Мы углубились в рощу.

Он опять

Остановился.

«Не могу!»

«Чего не можете?»

«Я заболел!»

«Пустое, подтянитесь!»

«Ей-богу, не могу. Зачем всё это?»

«Что?»

«Мерзость, гибель, смерть!»

«Да вы рехнулись?!»

«Мне нужно главное почувствовать во всём.

Зачем берёзы, если я подохну?

А вдруг конец? Я одинок, поймите!»

…………………………

Тут я не выдержал:

«Да вы в разведке!

Вы что, толстовец?»

«Слушайте, товарищ,

Мы говорим на разных языках».

Перечитываешь поэму и думаешь: с кем разговаривал молодой Луговской?

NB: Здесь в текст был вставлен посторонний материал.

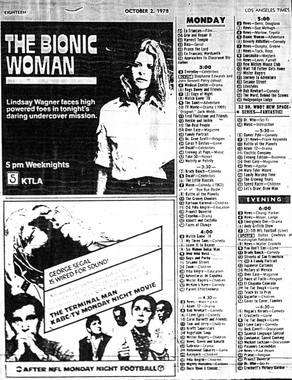 Listing for the first airing on KBSC, 2 Oct 1978, 5.00pm and again at 6.30pm (Los Angeles Times)
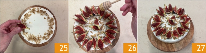 Completa con los gajos de higos frescos 25 y, si lo deseas, un hilo de miel para finalizar 26. ¡Sirve enseguida tu cheesecake de higos hecha en casa 27!

С кем же он разговаривал?

Герои поэмы, Луговской и его напарник, с приключениями дошли до усадьбы — и увидели там растерзанного красноармейца, с вырезанной на груди звездой.

Пока осматривали пустой дом, непрестанно истеривший до той поры Белов нашёл где-то сапоги и тут же спрятал их под телогрейку.

На обратном пути «…Нечистый дух взял за язык Белова. / Он говорил с огромным облегченьем / О личности, о счастье, о свободе, / О бесполезности людских страданий, / О героизме и борьбе со смертью, / О прелести закатов и берёз, / О слове “я” во всём его объёме, / О голом человеке Диогене / Или Гогене — я не разобрал…»

В общем, обо всём том — о чём сам Луговской будет впоследствии сочинять стихи.

В поэме Луговской, взбешённый, отбирает у этого демагога Белова сапоги — «коричневато-огненную пару», — того же, как ни странно, цвета, что и куртка, — и распарывает их из огромного презрения к слабости и никчёмности человеческой.

Намасленные, пахнущие, неестественного цвета сапоги…

…И что теперь Луговскому оставалось сделать с курткой?

Если б это было кино — то такой ход показался бы слишком игровым, слишком придуманным: юный разведчик Луговской отнимает сапоги у труса, мародёра и толстовца, кромсает и режет их на части, пишет об этом спустя почти десять лет поэму, читает её Сталину… потом влетает в капкан, и выясняется, что эту красивую вещь он отнимал у самого себя, спорил сам с собой, издевался сам над собою — и ходил в разведку со своим зеркальным отражением.

Жизнь, если в неё долго всматриваться, куда более щедра, чем любая выдумка.

И как поступить Луговскому: опять, что ли, резать всё это на части? Коричневато-огненную кожу эту?

Пошлость какая.

Втройне противно ещё и потому, что тогда, у Сталина, слушавший поэму Климент Ворошилов сказал спокойно: «Зря герой сапоги порезал. Редкая вещь была в Гражданскую — сапоги. Надо было мародёра наказать, а сапоги оставить… Пригодились бы».

Как вспомнишь обо всём этом — тошнит от самого себя.

Не-пре-о-до-ли-мой то-шно-той.

Сестра Таня позвала чай пить.

Куртку убрал в мешок поскорей.

После выкинул. Чтобы не пахло гадом в доме.